I just bought this cute Little hybrid, sadly without a name.
The henryanum part is clear, but what else?
It looks a lot like my Wössner Mini Stars, but the spotting is much stronger on this one.
Any ideas?







Here's a Wössner Mini Star


----------



## tomkalina (Dec 4, 2019)

Looks like there may be some gratrixianum in it, given that dorsal sepal.


----------



## emydura (Dec 4, 2019)

tomkalina said:


> Looks like there may be some gratrixianum in it, given that dorsal sepal.



I agree.


----------



## Guldal (Dec 4, 2019)

A tricky question...taking the shape of the petals into consideration, it's clearly not plain x vietenryanum (henryanum x gratrixianum)...hmmm, I wonder, whether we have entered the nebulous territory of complex hybridization...could it somehow be the product of crossing Wössner Mini Star with gratrixianum...or something along that line?


----------



## TyroneGenade (Dec 4, 2019)

Why not Doll's Kobold: 
https://paphparadise.com/product/paphiopedilum-dolls-kobold/ 





This cross seems quite variable: https://www.seattleorchid.com/Paphiopedilum-Doll-s-Kobold-p/gh5dolls-kobold.htm and I guess there are 2nd and 3rd generation plants of this cross out there by now.


----------



## P.K.Hansen (Dec 5, 2019)

Doll's Kobold has crossed my mind too, but it apparently completely lacks the pinkish hue in the dorsal that seems to be present in all the pictures i've seen.


----------



## Guldal (Dec 10, 2019)

The shape of the dorsal doesn't quite add up to charlesworthii-influence as it clearly does in the photos/links posted by Tyrone.


----------



## Phred (Dec 11, 2019)

Looks a lot like Paphiopedilum Little By Little (Dolls Kobold x Tyke)


----------



## Phred (Dec 11, 2019)

Sorry I was looking at the picture Tyrone posted.
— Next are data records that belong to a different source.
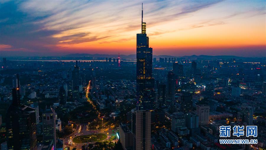這是4月17日無(wú)人機(jī)拍攝的南京紫峰大廈和城市夜景。 新華社記者 李博 攝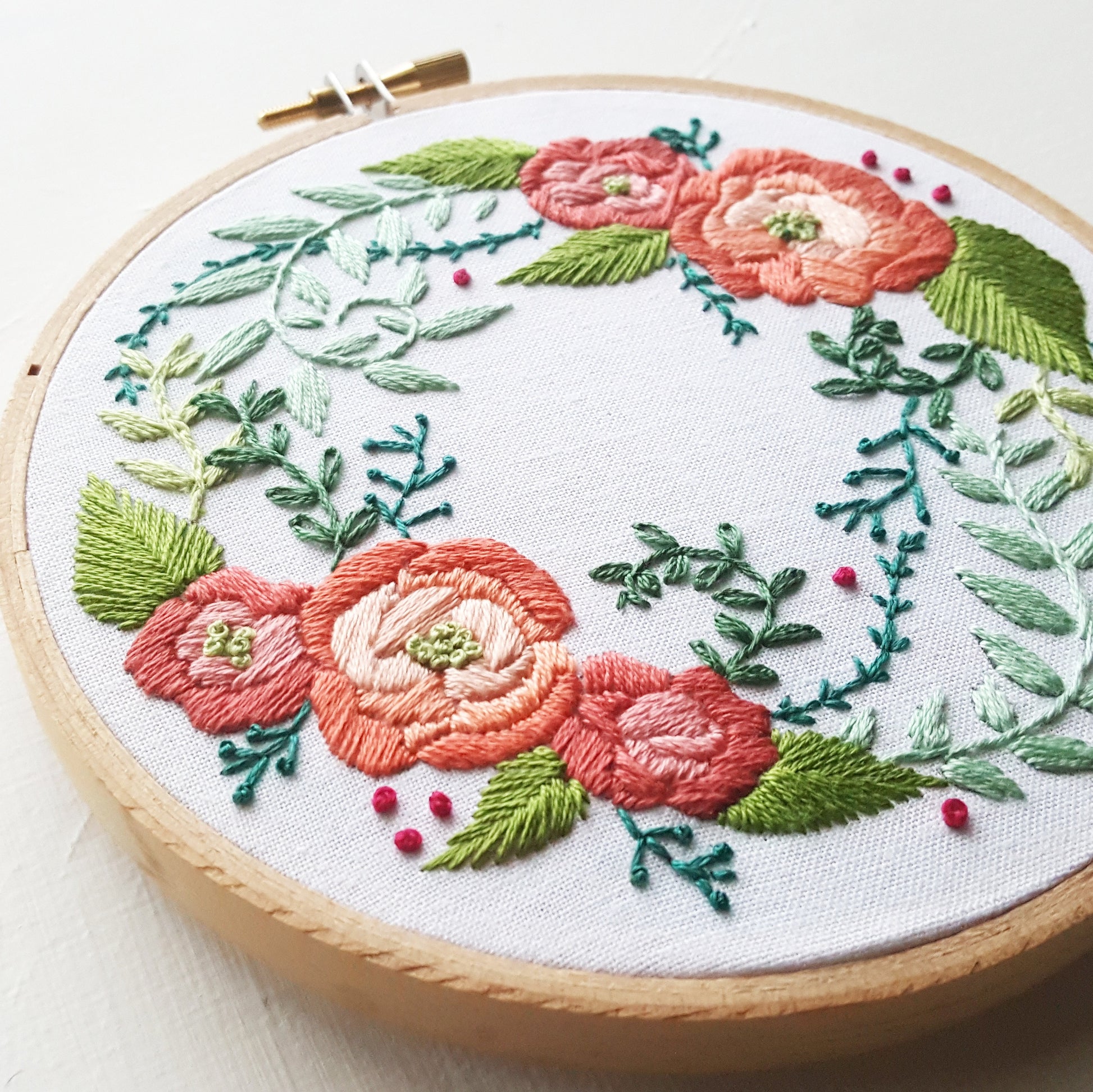 This is a fun, versatile pattern. It features seven different stitches to practice and the color combos are absolutely endless. You can dress it up (metallic floss, paint/stain your hoop, variegated floss, crazy patterned fabric, etc) or stitch it exactly as written and get a beautiful piece of art for your walls! The pattern includes a color guide to recreate the pictured hoop (peach and pink roses on white fabric.)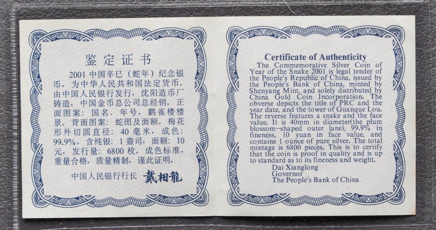 - 发行年份:2001年(辛巳蛇年)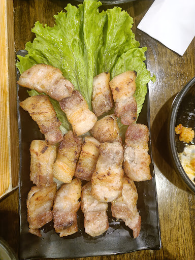 Was 9 pm and the other Korean restaurant next door was closed and was raining, so I entered this one. Glad I did, food was excellent although I was initially bummed that for bbq I was forced to order at least two sets. Ordered beef belly and pork belly and they were delicious. They also came with thick fat white mushroom that was absolutely delicious. I didn't know what to do initially so the waitress did most of the grilling, and they have this smoke suction so that you don't get bbq smell on your clothes. The menu looks expensive at first (relatively) but I was surprised that there was no service charge or tax, so the price on the menu is exactly what you pay, and I felt it was absolutely worth it. Luckily I didn't order the kimchi pancake cause they gave a free small sized one to taste. They have this dodgy "give five star review and get free drink" gimmick that many restaurants have, so I think half the reviews here are given even before assessing (I did not...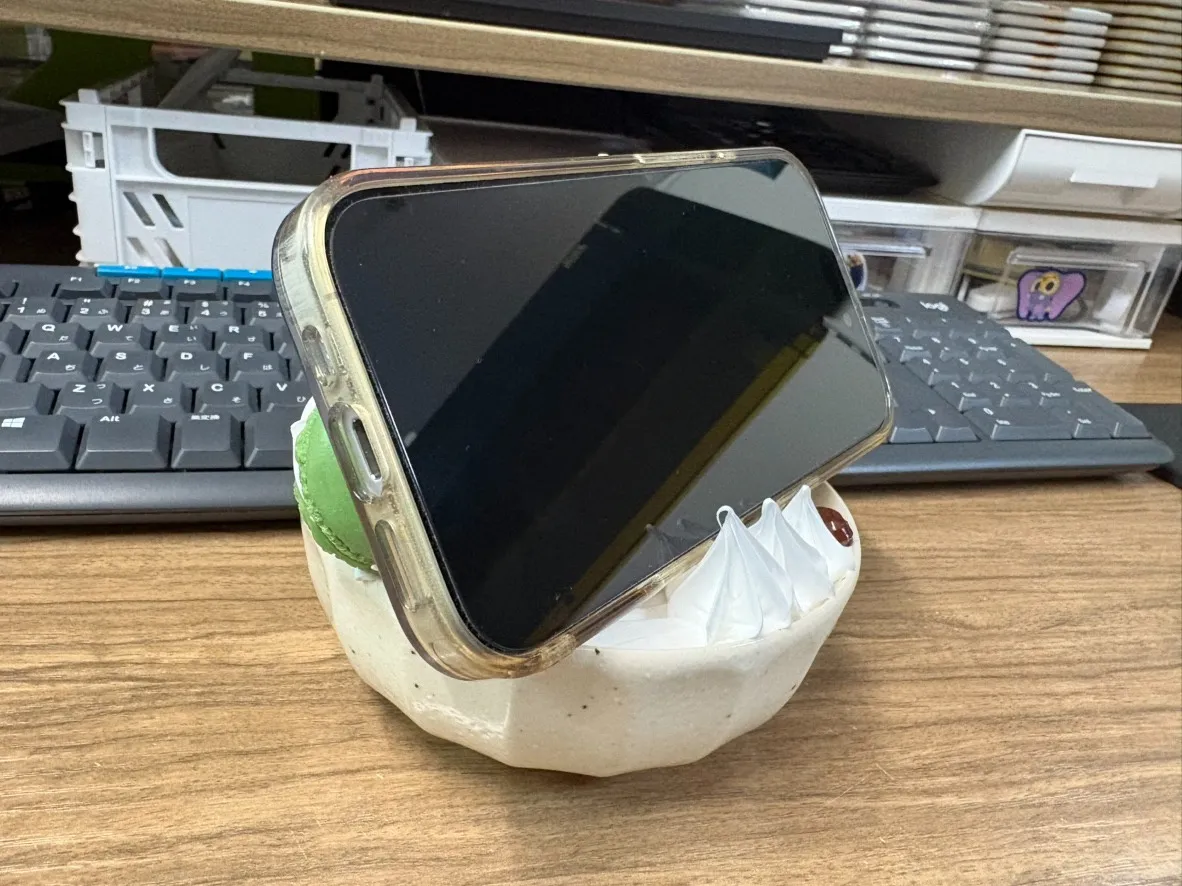 前にしぼったクリームが、スマホをしっかり固定してくれるから、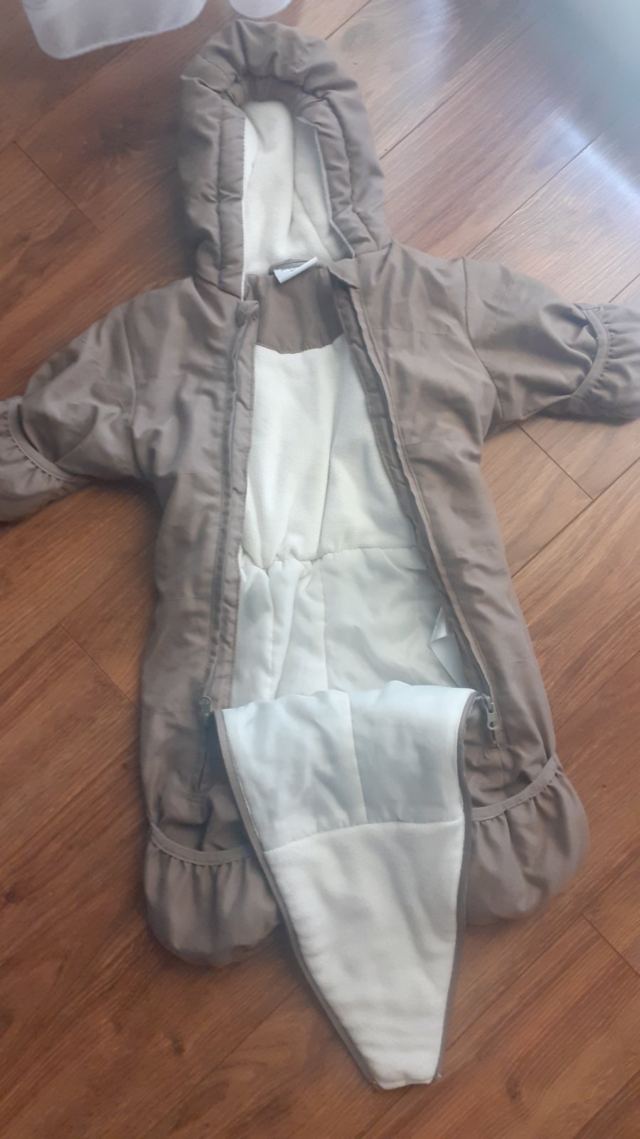 Zachovalá,ako nová. Nosená párkrát v kočíku. Rukavičky sú na gombík, dajú sa zložiť. My sme ich nepoužili vôbec. Podsita na chrbte bavlnou. Kupovaná v Tescu.

P.K.’s photo is a tough one. I’ve seen straight henryanum with the same type of dorsal including color and spots. The pouch is more of a charlesworthii pouch... thinner at the bottom. The petal attachment is more like charlesworthii also. I have a few New Vietenryanum (henryanum x gratrixianum) but the color is way different. I guess gratrixianum could be in the background though.


----------



## NYEric (Dec 11, 2019)

A complex hybrid. Ask the vendor.


----------